The European Parliament's rapporteur on giving the European Public Prosecutor's Office (EPPO) and the EU anti-fraud office OLAF access to Union-level VAT data, the EPP's Michalis Hadjipantela, is proposing to add strict privacy and accountability safeguards to the planned regime. In the report he is steering, dated 15 June 2026, he sets out 47 amendments that keep the goal of fighting cross-border VAT fraud while sharply narrowing how the data may be used. The amendments are a proposal still to be put to a plenary vote.

Several would restrict EPPO's centralised access to active investigations of suspected offences within its mandate, and confine OLAF to what is strictly necessary for its own remit - wording designed to rule out generalised data-mining. Others would require every query to be logged and tied to a named investigation and authorised user, and would oblige EPPO to publish annual figures on how often the system is used and how often it helps move a case forward.

The amendments would also widen the data in scope, extending the customs records investigators can reach to all imports claiming a VAT exemption, deferral or special accounting scheme, and spelling out the categories - from VAT identification numbers to intra-community transactions - that may be consulted. One would strike out the clause loading the full cost of the new IT system onto EPPO, leaving the funding to be negotiated between the EU budget and member states. Another would require the Commission to return within 18 months with a plan to harmonise minimum criminal penalties for VAT fraud.

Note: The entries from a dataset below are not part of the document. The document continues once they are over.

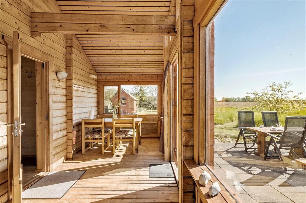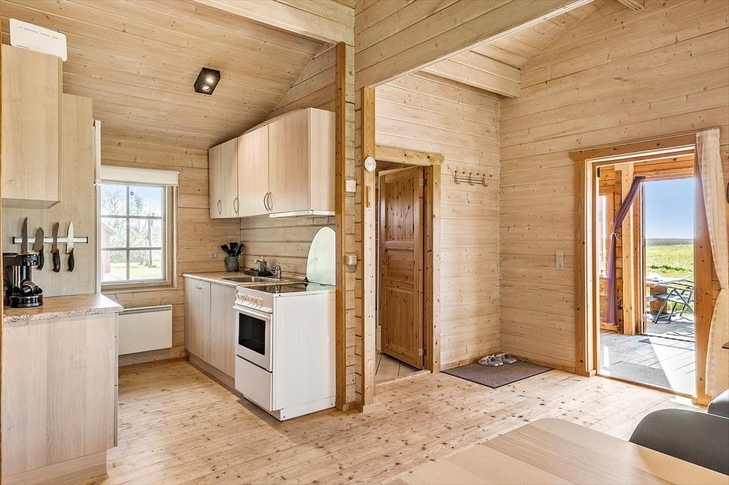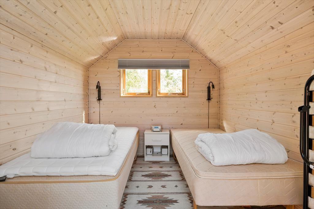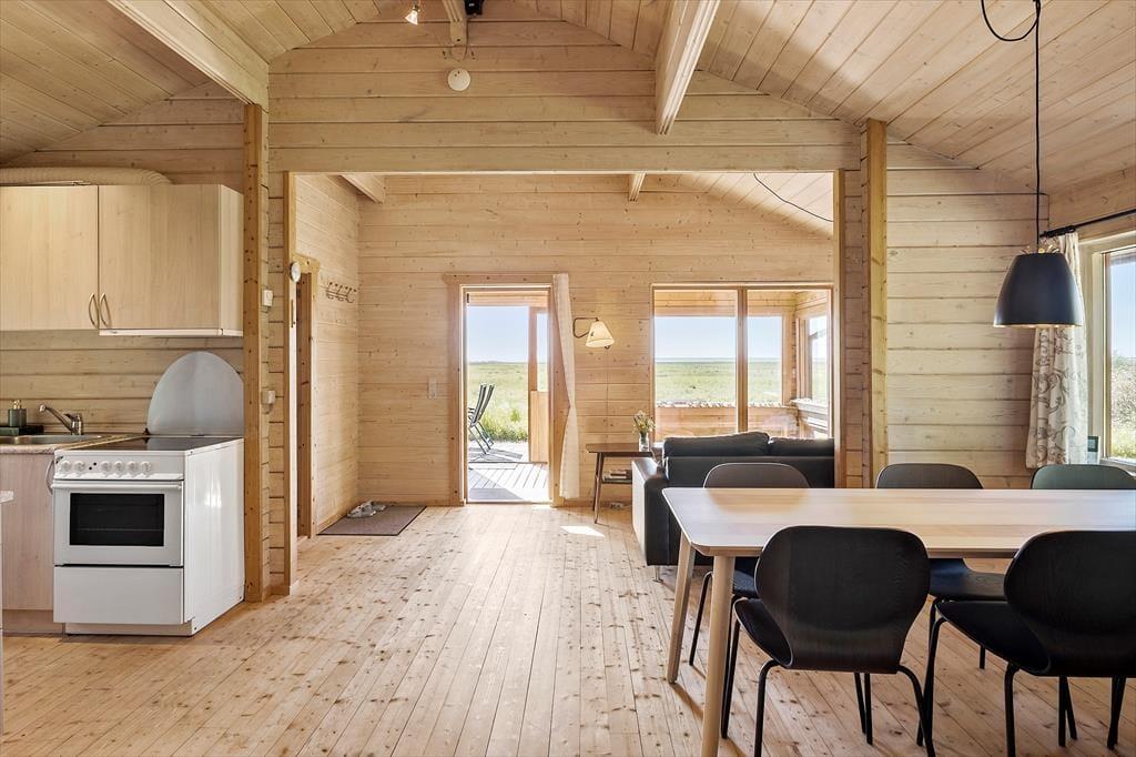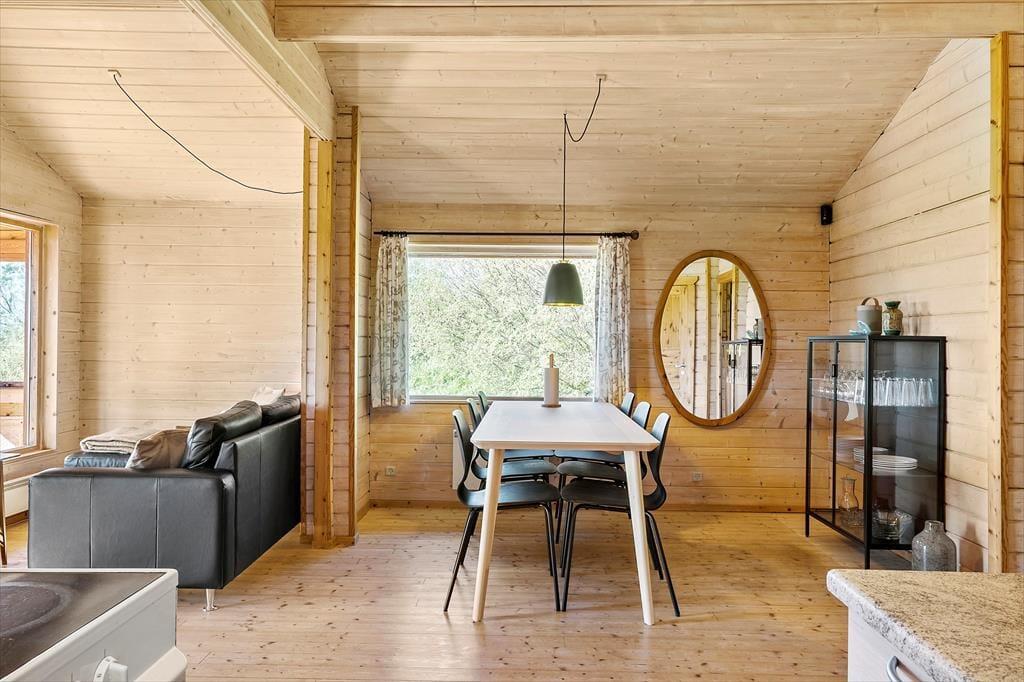 Når du træder indenfor i dette charmerende træhus, bliver du straks mødt af en lys og indbydende atmosfære, der emmer af feriestemning. Sommerhuset er ideelt indrettet til at skabe ro og afslapning med masser af naturligt lys, der strømmer ind gennem de store vinduespartier. Samlingspunktet er stuen, hvor komfortable møbler indbyder til hyggelige aftener foran brændeovnen. Det åbne køkken ligger i direkte forbindelse med spisepladsen, så samtalerne kan flyde frit, mens der laves mad. Til de yngste – eller dem, der bare trænger til lidt privatliv – er det lille, hyggelige anneks med to sovepladser en skøn mulighed.
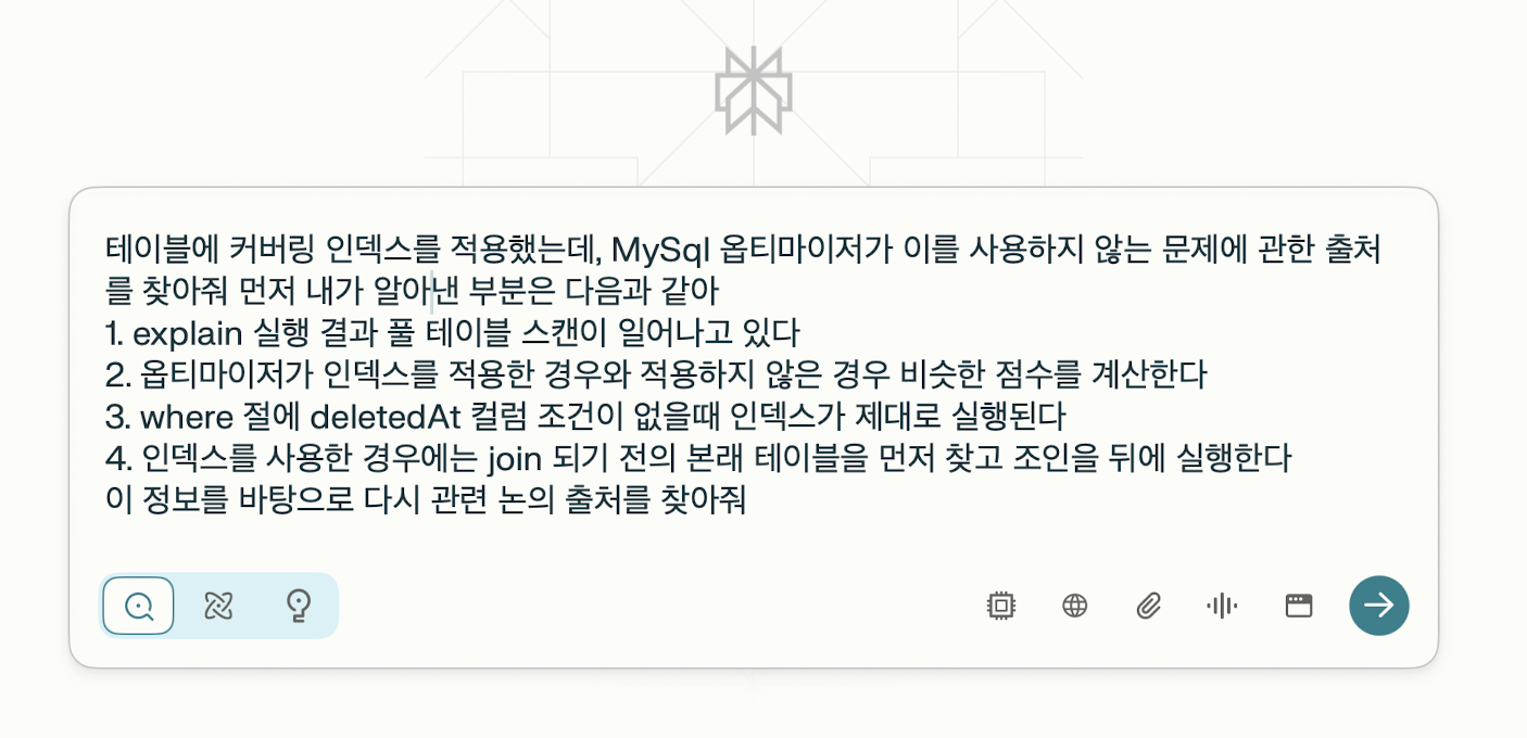 먼저 해결하고 싶은 문제를 정의해야 한다. 위의 예시처럼 저는 테이블에 인덱스를 적용했음에도,
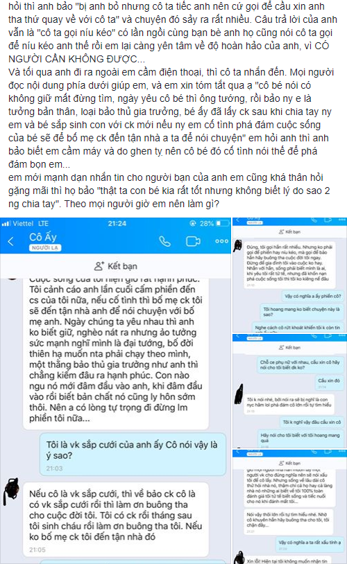 Theo lời cô người yêu cũ thì chính anh chàng này là người làm phiền và đeo đuổi cô ấy. Cô ta thậm chí còn đưa ra lời khuyên cực kì khó nghe: "Tôi khẳng định đối nhân xử thế cô không bằng tôi nên đến khi có chồng rồi hắn vẫn cố níu tôi. Có thể mọi người nhà hắn muốn lấy người vợ cho đúng nghĩa nên sẽ nói xấu tôi để cô lấy. Nhưng sống về lâu dài cô thử hỏi nhà nó, thậm chí cả họ hàng hay cả làng nhà nó những ai biết về tôi 100% toàn đánh giá tôi tử tế biết sống và tiếc nuối cho nó khi đánh mất tôi".
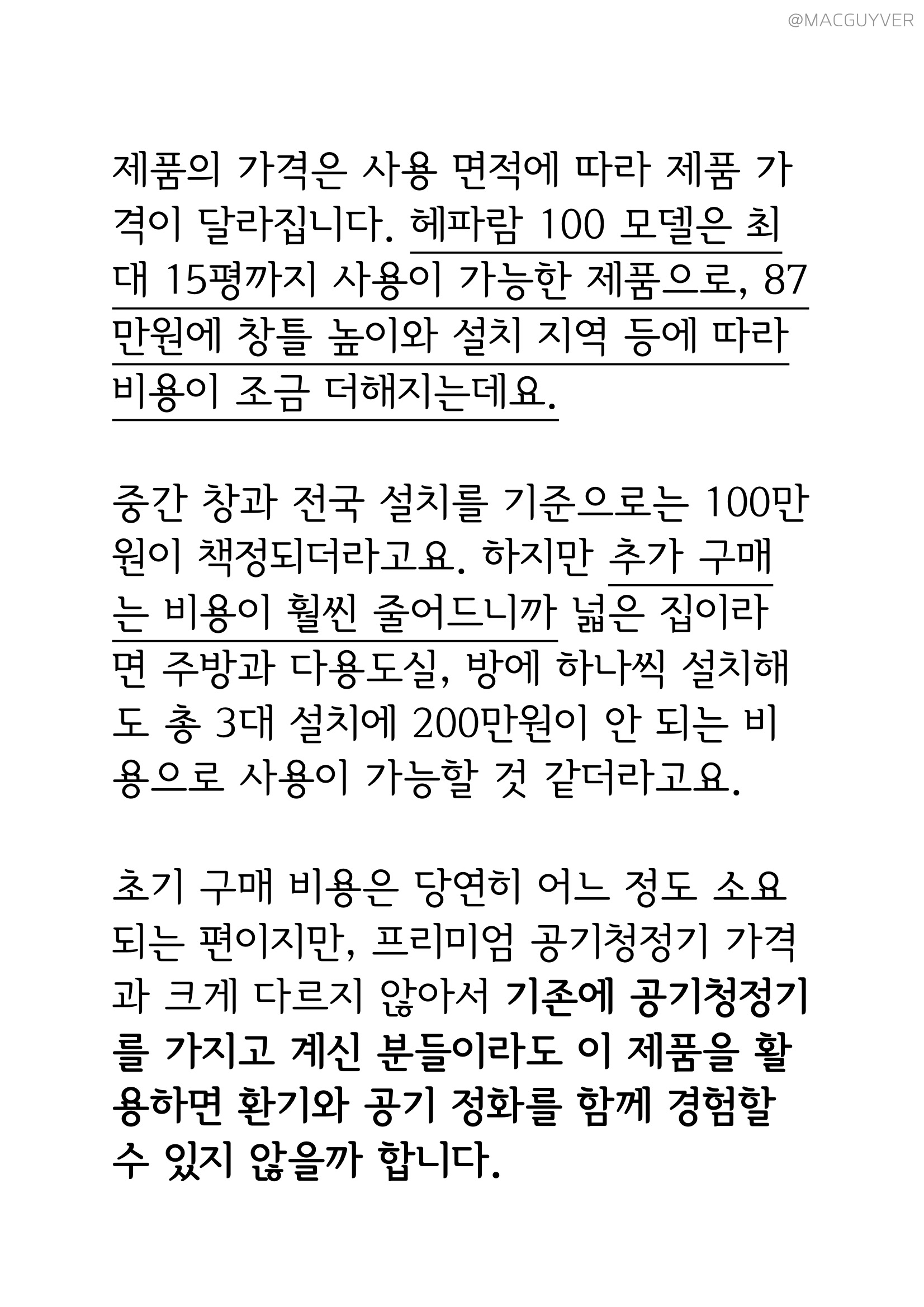 청소할 때도 일반적인 환기를 하게 되면 먼지가 앉거나 꽃가루 때문에 불편한 경우도 많지만 그러한 불편함이 없다는 점도 장점이 되어줬습니다. 헤파람 공기청정기 제품의 가격은 사용 면적에 따라 제품 가격이 달라집니다. 헤파람 공기청정기 100 모델은 최대 15평까지 사용이 가능한 제품으로, 87만원에 창틀 높이와 설치 지역 등에 따라 비용이 조금 더해지는데요. 헤파람 외기 유입 청정기는 중간 창과 전국 설치를 기준으로는 100만원이 책정되더라고요. 하지만 헤파람 외기 유입 청정기의 추가 구매는 비용이 훨씬 줄어드니까 넓은 집이라면 주방과 다용도실, 방에 하나씩 설치해도 총 3대 설치에 200만원이 안 되는 비용으로 사용이 가능할 것 같더라고요. 헤파람 초기 구매 비용은 당연히 어느 정도 소요되는 편이지만, 프리미엄 공기청정기 가격과 크게 다르지 않아서 기존에 공기청정기를 가지고 계신 분들이라도 이 제품을 활용하면 환기와 공기 정화를 함께 경험할 수 있지 않을까 합니다.
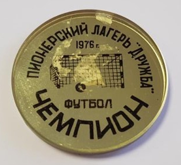 Значок взят из фото группы лагеря в соцсети, вручался в 1980 г. Лагерь основан, по разным источникам, в 1949 или 1950 г.
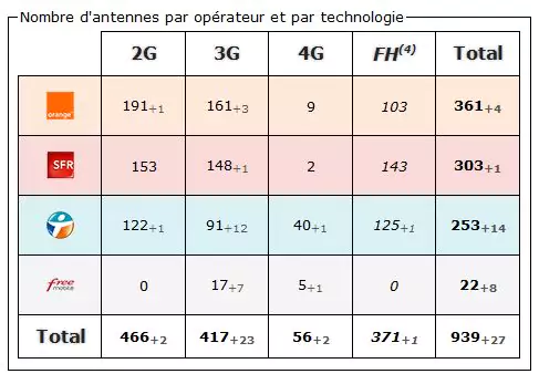 4) FH (faisceau hertzien) : Système de transmission entre les antennes relais. N’est jamais directement capté par un mobile. (chiffre non comptabilisé dans le total des antennes).
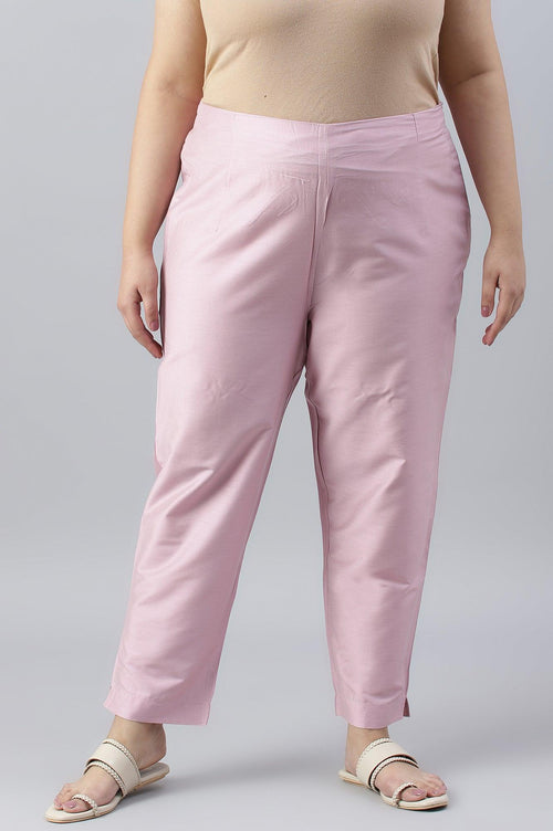 LEAF GREEN SOLID MID RISE SLIM PANTS IN PS WITH A PARTIALLY ELASTICATED WAISTBAND
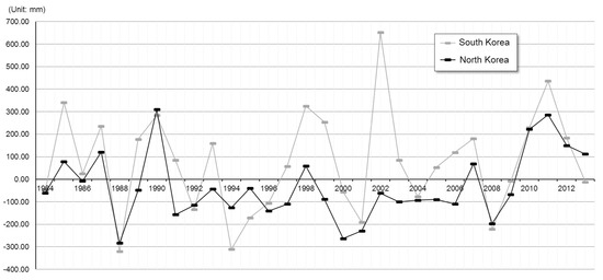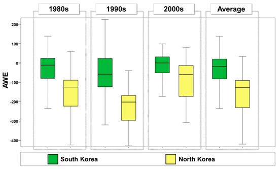 When comparing South Korea and North Korea, it was confirmed that the AWE for South Korea has been higher at all times. In the 1980s, AWE for South Korea and North Korea were −32.7 mm and −152.8 mm, respectively; while in the 1990s, South Korea was 62.1 mm and North Korea was −227.2 mm. In the 2000s, South Korea was −25.5 mm, and North Korea was −87.7 mm. Over the entire three decades, the AWE for South Korea was −40.2 mm, and for North Korea was −155.9 mm (Figure 9).
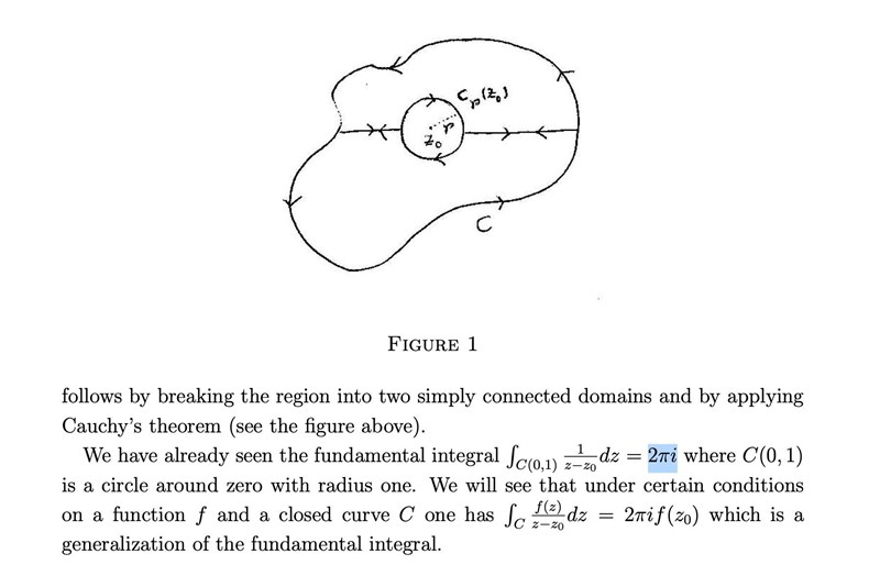 Hej! Jag försöker förstå beviset som finns till cauchys integralformel. Men har fastnat hur de har fått fram 2pi*i...Hur har de räknat det?
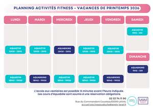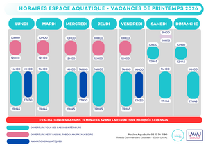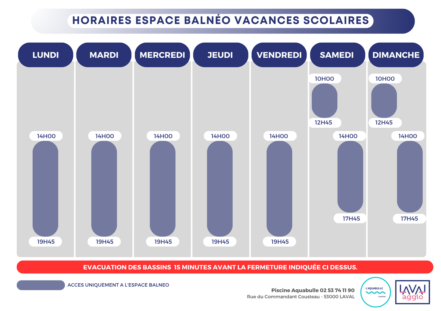 Les horaires de l'espace Balnéo pendant les vacances de printemps :

The package trades investigative reach against privacy and accountability. National prosecutors and anti-fraud investigators would gain a firmer legal basis and broader customs data, but also new logging, reporting and confidentiality duties; data-protection authorities would gain the oversight they have long pressed for; and member states face an open question over who pays for the supporting systems. The proposals now head to the full Parliament for a vote, which would set Parliament's position for negotiations with the Council.